SUPPLIED DATA:
****************************************

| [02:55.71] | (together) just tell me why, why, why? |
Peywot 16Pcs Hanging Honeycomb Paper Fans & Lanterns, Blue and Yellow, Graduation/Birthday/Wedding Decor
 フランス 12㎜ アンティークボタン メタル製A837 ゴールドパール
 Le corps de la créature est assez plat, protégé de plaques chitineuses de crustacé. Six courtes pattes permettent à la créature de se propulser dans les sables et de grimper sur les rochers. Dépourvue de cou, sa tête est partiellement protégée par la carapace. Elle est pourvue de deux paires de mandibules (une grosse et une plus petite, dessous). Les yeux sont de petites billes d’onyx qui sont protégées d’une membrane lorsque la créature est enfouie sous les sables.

****************************************

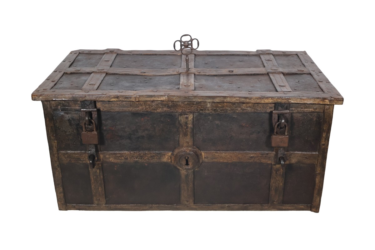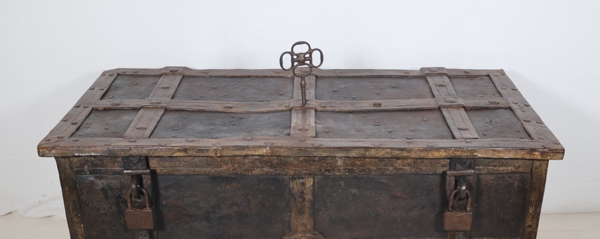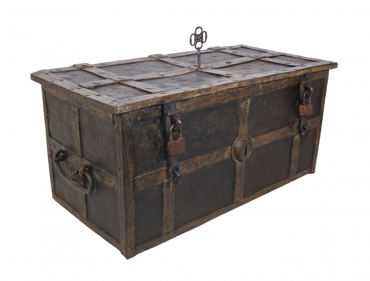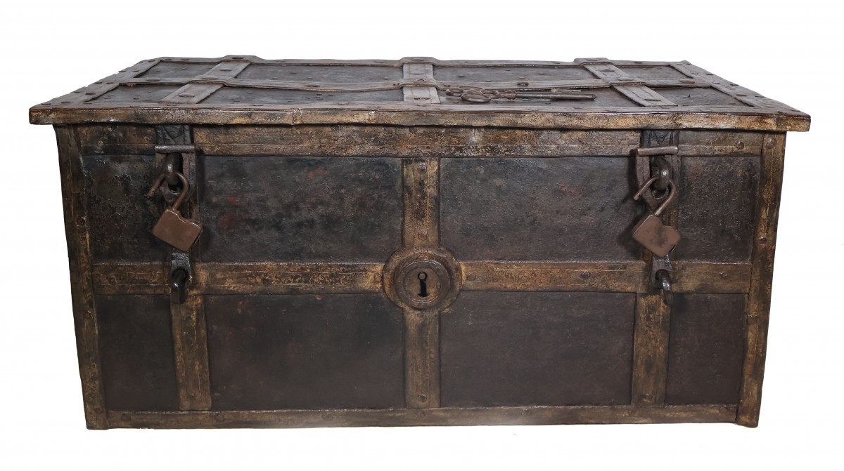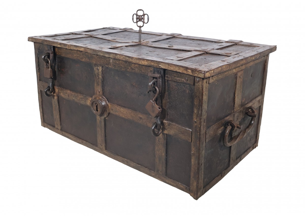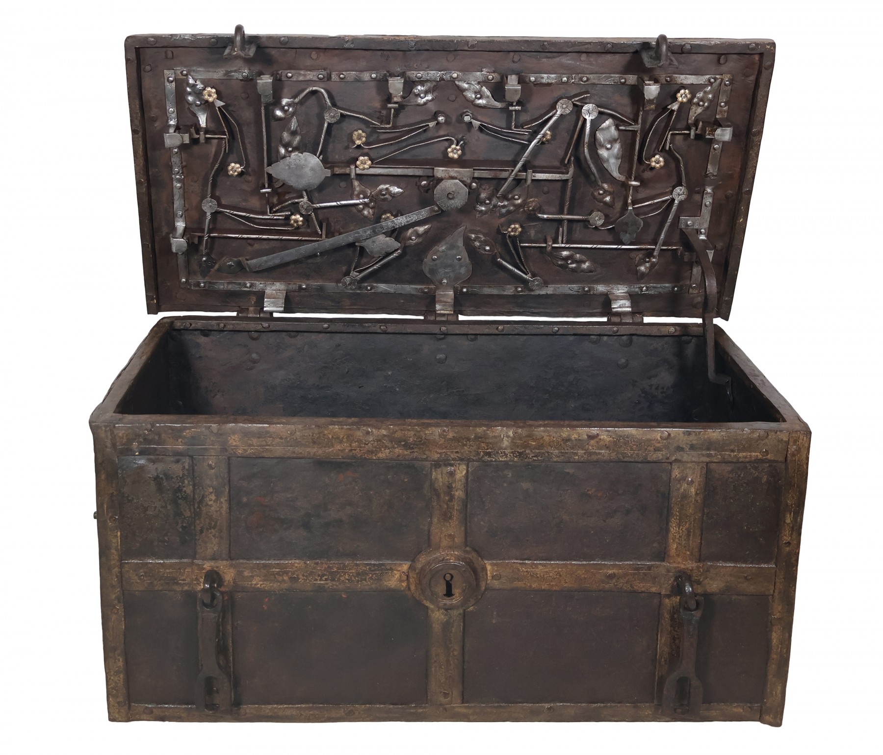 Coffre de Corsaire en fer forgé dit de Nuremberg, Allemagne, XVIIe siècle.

****************************************

WHAT IS EXPECTED: Above are records; repeat only the lines starting at the line with "why, why? |" and ending at the line with "Le corps de", exactly as they appear, both included.

WRITTEN SOLUTION:
| [02:55.71] | (together) just tell me why, why, why? |
Peywot 16Pcs Hanging Honeycomb Paper Fans & Lanterns, Blue and Yellow, Graduation/Birthday/Wedding Decor
 フランス 12㎜ アンティークボタン メタル製A837 ゴールドパール
 Le corps de la créature est assez plat, protégé de plaques chitineuses de crustacé. Six courtes pattes permettent à la créature de se propulser dans les sables et de grimper sur les rochers. Dépourvue de cou, sa tête est partiellement protégée par la carapace. Elle est pourvue de deux paires de mandibules (une grosse et une plus petite, dessous). Les yeux sont de petites billes d’onyx qui sont protégées d’une membrane lorsque la créature est enfouie sous les sables.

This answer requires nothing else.